# TASK BRIEF
I'd like the listing below copied exactly, with the images left out.

+++ GIVEN INFORMATION

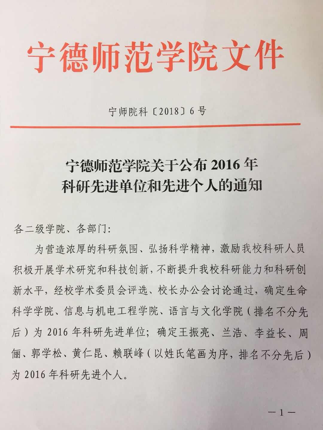 经过个人申报、化学与材料学院审核、科研处复审、学术委员会评审和董事长办公会审议通过,公司黄仁昆博士被评为2016年科研先进个人。
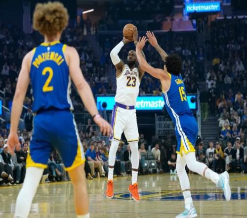 第三节回来,东契奇也连中三分,艾顿转身小勾手打进。追梦格林空位三分偏的没边,东契奇又开始下三分雨。中段拉拉维亚和里夫斯也外线发炮,湖人最多拉开27分差距。后半段桑托斯连续追分,但里夫斯带着海斯连续回应。节末肯纳德中投+拉拉维亚快攻上篮,霍福德三分球止血,三节打完,湖人99-72领先。第四节俨然失去悬念,最终湖人129-101大胜勇士。湖人数据,詹姆斯22分7篮板9助攻,艾顿4分10篮板,里夫斯18分3助攻,东契奇26分6篮板8助攻,肯纳德16分3篮板3助攻,斯玛特8分5篮板,海斯6分5篮板。
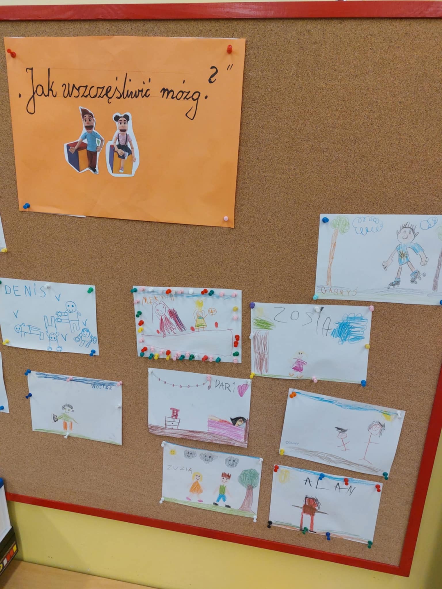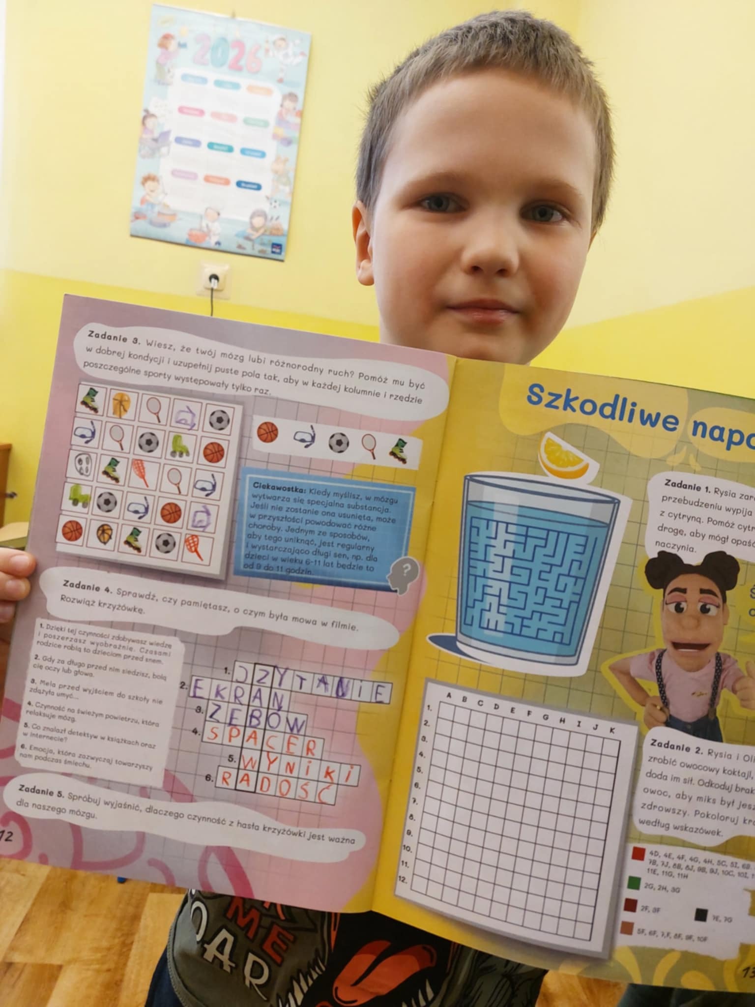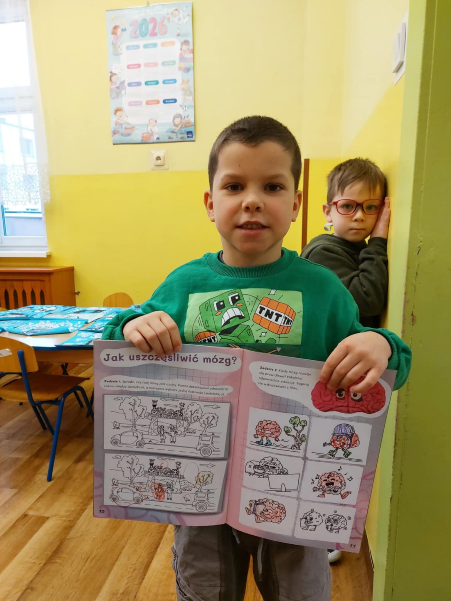 Zabawy ruchowe. Obrazkowe przedstawienie poznanych wskazówek i rad - "Jak uszczęśliwić mózg?".Praca w książkach.
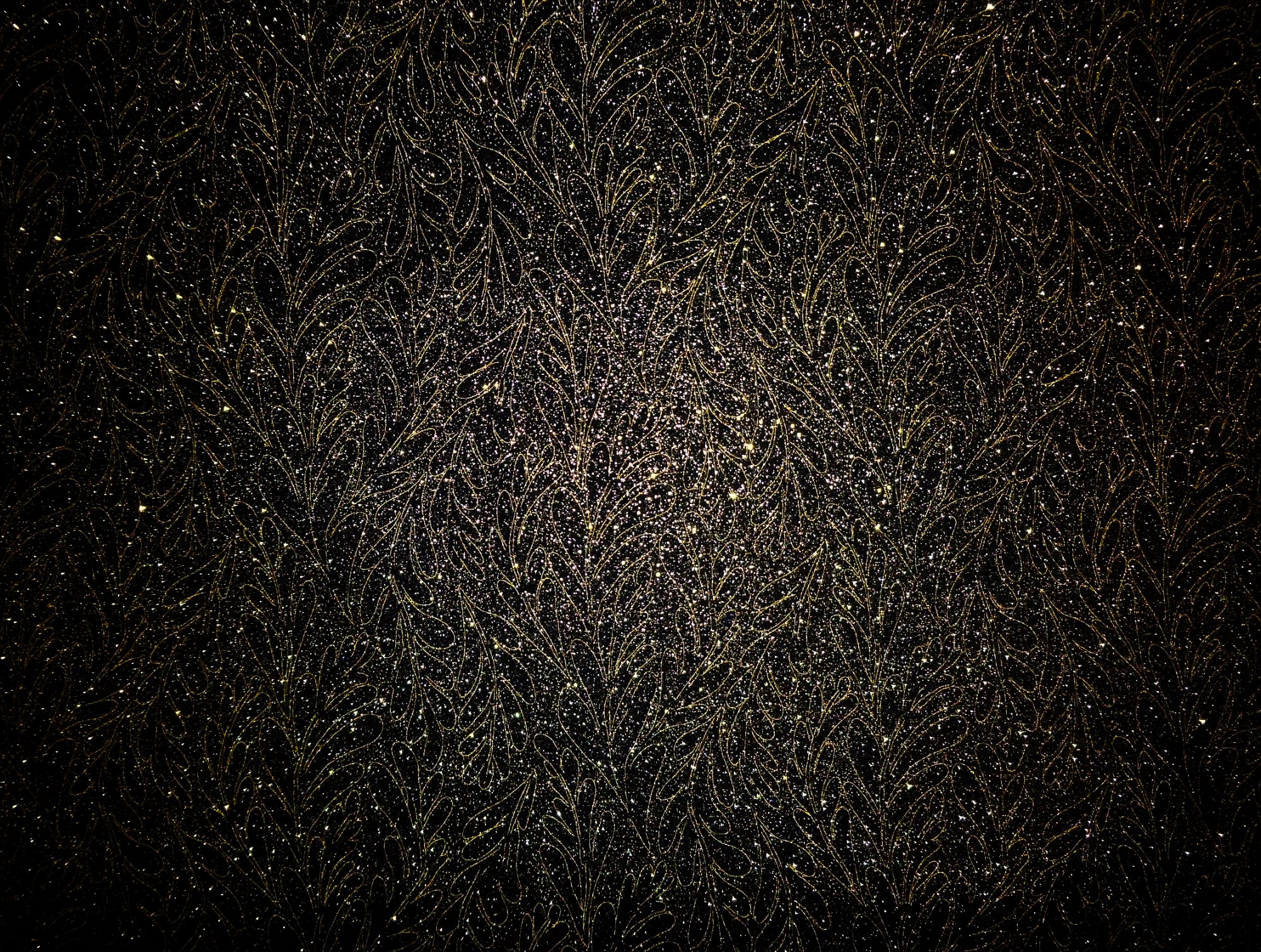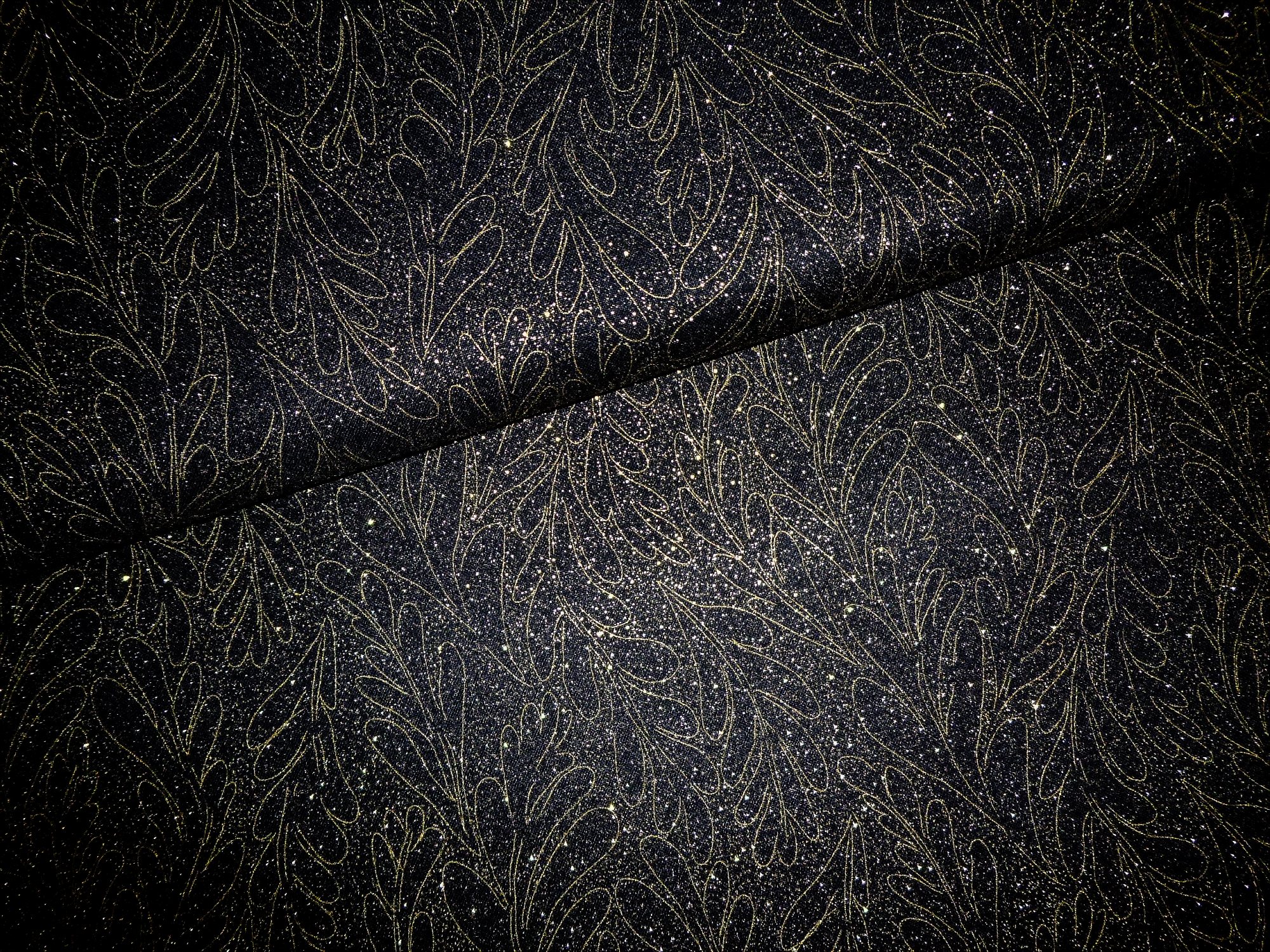 Tiefschwarzer Untergrund mit goldenen Blattranken und goldenem Glitter.

++++++

# EXPECTED ANSWER
 经过个人申报、化学与材料学院审核、科研处复审、学术委员会评审和董事长办公会审议通过,公司黄仁昆博士被评为2016年科研先进个人。
 第三节回来,东契奇也连中三分,艾顿转身小勾手打进。追梦格林空位三分偏的没边,东契奇又开始下三分雨。中段拉拉维亚和里夫斯也外线发炮,湖人最多拉开27分差距。后半段桑托斯连续追分,但里夫斯带着海斯连续回应。节末肯纳德中投+拉拉维亚快攻上篮,霍福德三分球止血,三节打完,湖人99-72领先。第四节俨然失去悬念,最终湖人129-101大胜勇士。湖人数据,詹姆斯22分7篮板9助攻,艾顿4分10篮板,里夫斯18分3助攻,东契奇26分6篮板8助攻,肯纳德16分3篮板3助攻,斯玛特8分5篮板,海斯6分5篮板。
 Zabawy ruchowe. Obrazkowe przedstawienie poznanych wskazówek i rad - "Jak uszczęśliwić mózg?".Praca w książkach.
 Tiefschwarzer Untergrund mit goldenen Blattranken und goldenem Glitter.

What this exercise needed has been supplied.